A faithful copy of every record is needed here. Images must not appear in it.

## Material for this task
= = =
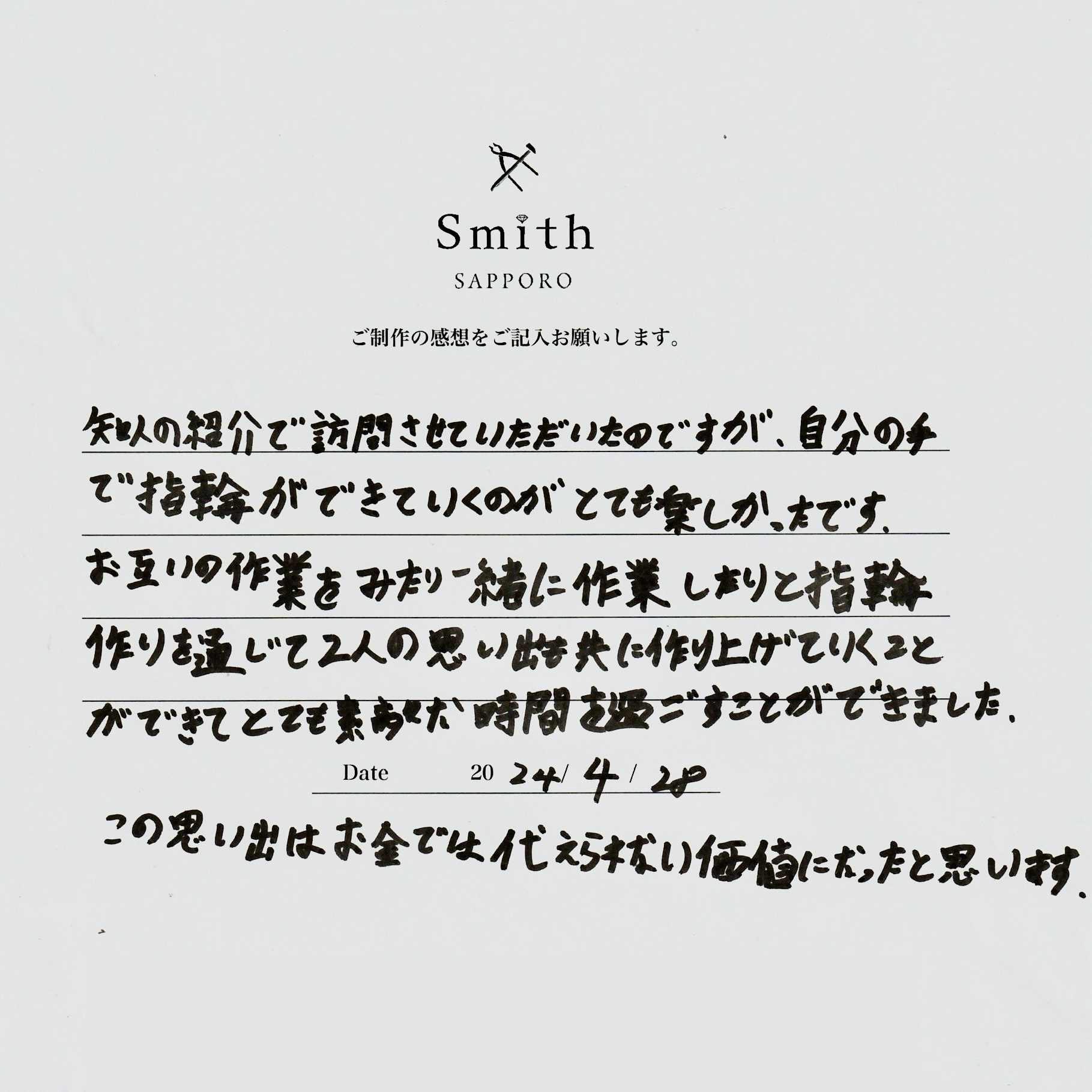 大切なおふたりの指輪制作という記念日に、携わることができて幸せな気持ちでいっぱいです。
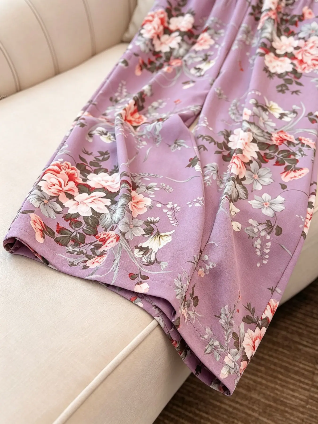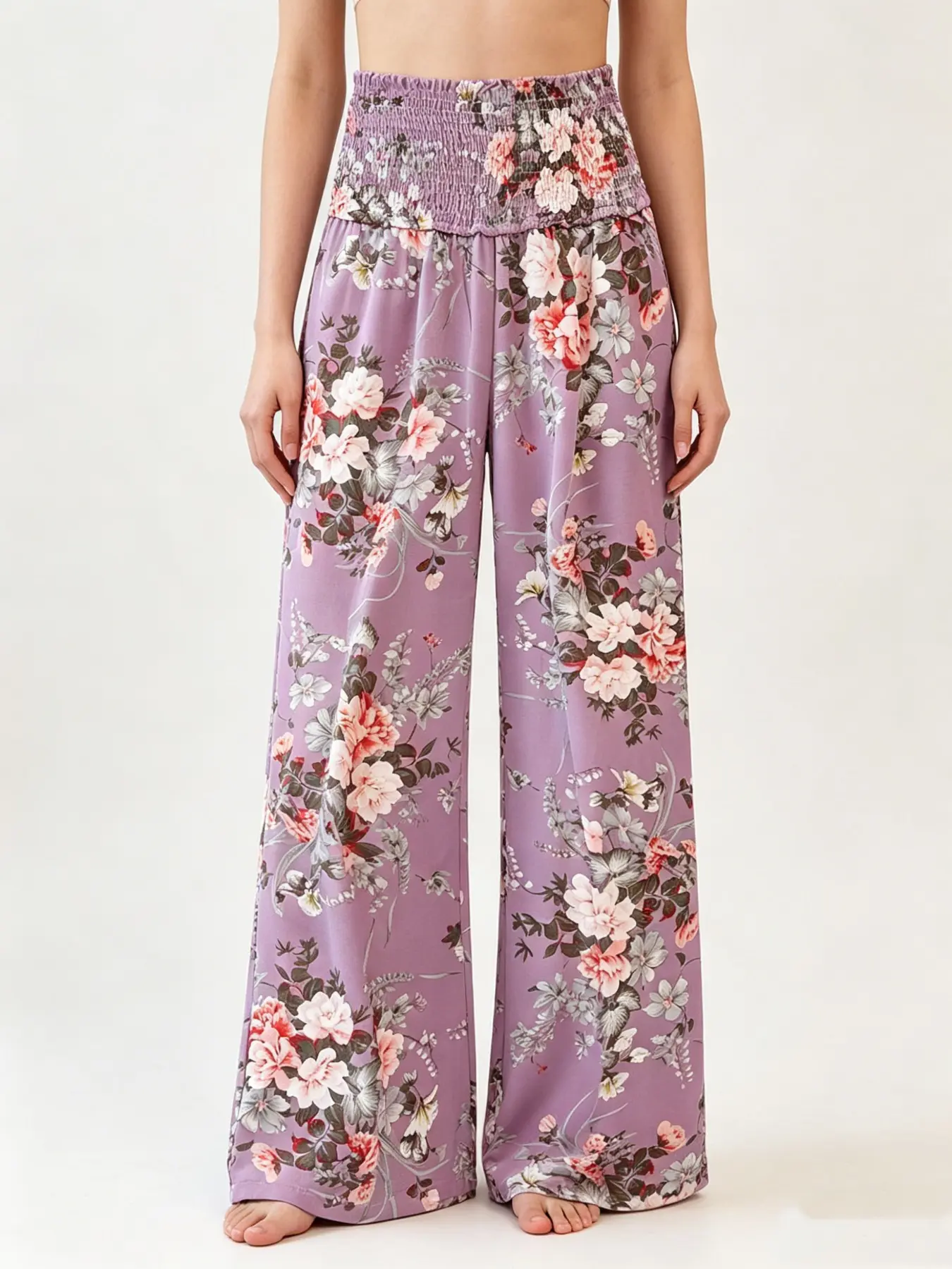 Lavender Floral High Waist Wide Leg Pants, Summer Casual Boho Palazzo Trousers with Pockets, All over Print, Fitted Style
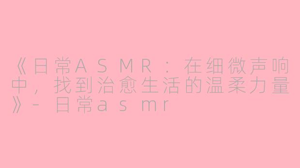 在快节奏的现代生活中,人们常常被焦虑和压力包围,而一种名为“ASMR”(自发性知觉经络反应)的体验,正悄然成为许多人日常放松的秘密武器。它通过轻柔的耳语、沙沙的翻书声、指尖敲击的节奏,或是雨滴落下的白噪音,触发大脑深处的愉悦感,带来瞬间的平静与治愈。
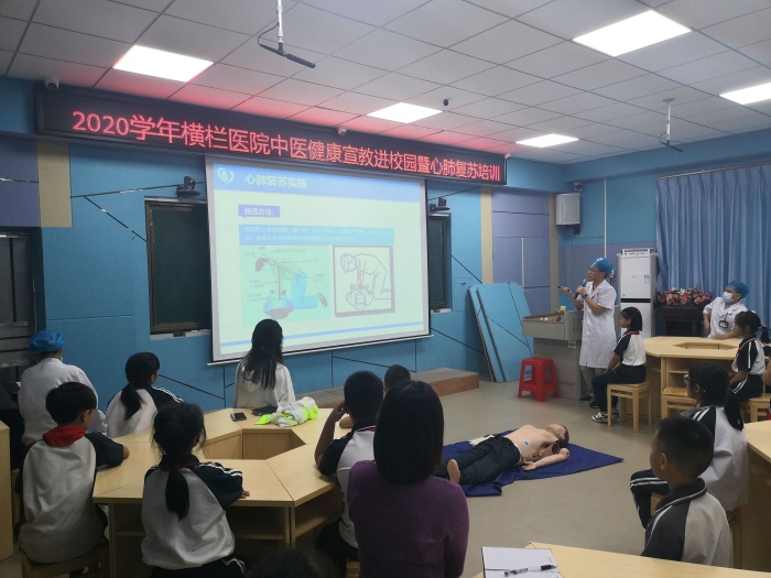 2020年11月17日下午,横栏镇三沙小学举行了中医健康宣教进校园暨心肺复苏培训活动,来自横栏医院中医康复科的宁平华主任和谢医生主持了培训,三沙小学全体行政、校医、四年级至六年级的全体班主任和部分学生参加了活动。
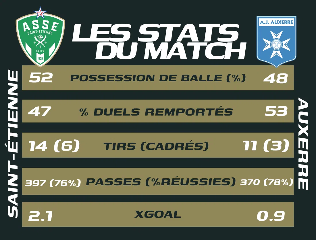 L'AS Saint-Etienne est parvenu à faire chuter le leader auxerrois dans le Chaudron ce samedi. Une victoire enthousiasmante pour la suite de la saison. Retour en chiffres sur ASSE - AJA.
= = =
## Response for this exercise
 大切なおふたりの指輪制作という記念日に、携わることができて幸せな気持ちでいっぱいです。
 Lavender Floral High Waist Wide Leg Pants, Summer Casual Boho Palazzo Trousers with Pockets, All over Print, Fitted Style
 在快节奏的现代生活中,人们常常被焦虑和压力包围,而一种名为“ASMR”(自发性知觉经络反应)的体验,正悄然成为许多人日常放松的秘密武器。它通过轻柔的耳语、沙沙的翻书声、指尖敲击的节奏,或是雨滴落下的白噪音,触发大脑深处的愉悦感,带来瞬间的平静与治愈。
 2020年11月17日下午,横栏镇三沙小学举行了中医健康宣教进校园暨心肺复苏培训活动,来自横栏医院中医康复科的宁平华主任和谢医生主持了培训,三沙小学全体行政、校医、四年级至六年级的全体班主任和部分学生参加了活动。
 L'AS Saint-Etienne est parvenu à faire chuter le leader auxerrois dans le Chaudron ce samedi. Une victoire enthousiasmante pour la suite de la saison. Retour en chiffres sur ASSE - AJA.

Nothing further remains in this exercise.